In more detail, levetiracetam in primary epilepsy has resulted in a number of people with pre-existing behavioral problems developing nervousness, hostility, and anxiety. ¹² Furthermore, pharmacovigilance work has compared the real-life tolerability of four different antiepileptic agents. Of the four agents studied, levetiracetam (n = 151), lamotrigine (n = 167), valproic acid (n = 73), or controlled-release carbamazepine (n = 47), levetiracetam was reported as independently associated with anger/aggression, nervousness/agitation, upset stomach, depression, and sleep disturbance. Minor adverse effects were noted in 76.8% (n = 116) and more significant adverse effects in 23.2% (n = 35). ¹³ There is limited information on the timing of behavioral changes although a case series in epilepsy reported a delay in months from starting levetriacetam to the recognition of adverse symptoms. ¹⁴

The data on primary epilepsy regarding levetiracetam's adverse effects must give pause when the high rates of behavioral problems experienced by people with gliobastomas are considered. Up to 40% of this cohort will develop seizures at diagnosis and a further 15% develop seizures with progressive disease. ¹⁵ Nearly 50% are at risk of developing behavioral problems such as anger and inappropriate actions. ¹ These figures highlight this group's need for effective seizure management as poorly managed seizures both negatively affect quality of life ¹³ and may result in more significant behavioral problems. ¹ Seizure management in this group is challenging as the precise nature of epileptogenesis in brain tumors remains unclear.
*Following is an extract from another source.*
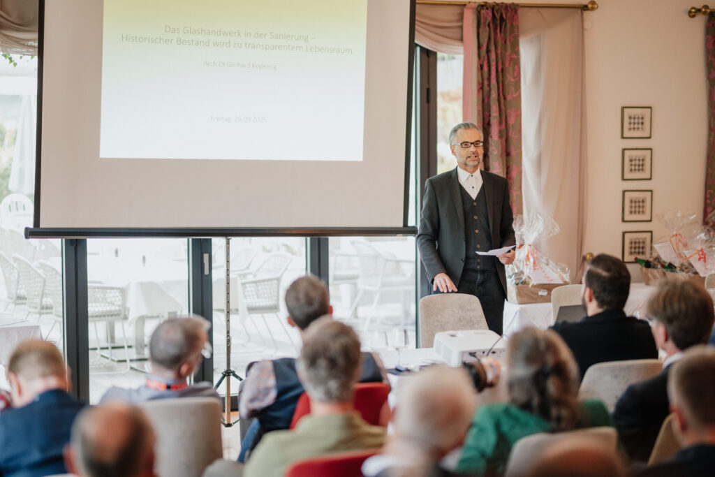 Das Programm bot eine dichte Auswahl an Fachvorträgen, Diskussionen und Praxiseinblicken. Im Fokus standen u. a. der CO₂-Abdruck von Isolierglas, ÖNormen und Gewährleistung, die Sanierung mit Dünnglas, das Glaserhandwerk im historischen Bestand sowie der Ansatz „Sanieren statt Tauschen“ als Beitrag zur Nachhaltigkeit. Ergänzt wurde das Programm durch praxisnahe Themen wie Fehleranalyse beim UV-Kleben, Brandschutz in Theorie und Versuch und Einblicke in die aktuellen Entwicklungen am Glasmarkt.

Numerous factors are believed to contribute including specific tumor types, biological factors, and tumor location. As previously mentioned, ∼50% of GBMs present with seizures with a further spike linked with progressive disease. Other issues include, but are not limited to, changes in the permeability of the blood–brain barrier and the peritumor environment. ¹⁵ Lastly, structural and metabolic changes are common in this group including tumor recurrence; disease progression, as a consequence of cancer treatments including radionecrosis; and other factors such as infections or metabolic disturbances. ¹⁶ Brain tumor-related epilepsy is a distinct and separate entity to primary epilepsy made even more complicated as it is suggested that these patients are at risk of abnormal mechanisms that bypass seizure control medications. ¹⁷ Compared with primary epilepsy, those with brain tumors are more likely to develop adverse effects from antiepileptic medications. Approximately 25% of patients with brain tumors will require a medication switch due to adverse effects compared with 10% of patients with primary epilepsy. ¹⁶ Focusing again on levetriracetam, a higher prevalence and magnitude of neuropsychiatric dose-independent adverse effects have been observed with its use compared with other agents. ¹⁸ Notably, the effects did not seem to be related to tumor localization in the levetriacetman group compared with other agents wherein problems were most likely to occur when people had frontal lobe tumors.

Collectively, the observations briefly summarized here support our own clinical experience that although an antiepileptic agent was strongly recommended for our patient, continuing levetiracetam may have contributed to his behavioral problems. More research is required to confirm this association and further discussions are welcome. Levetiracetam, like many medications, will have initially been evaluated in more robust participants compared with this man. This reinforces the benefits of postmarketing phase IV studies to enable clinicians to recommend interventions for specific patients, especially those who are less robust. This is particularly important when caring for people at the end of life with this cohort increasingly recognized as a distinct group at high risk of adverse drug effects. ¹⁹ Above all else, such work improves the quality of care when quality care is defined as evidence based, patient centered, and low risk.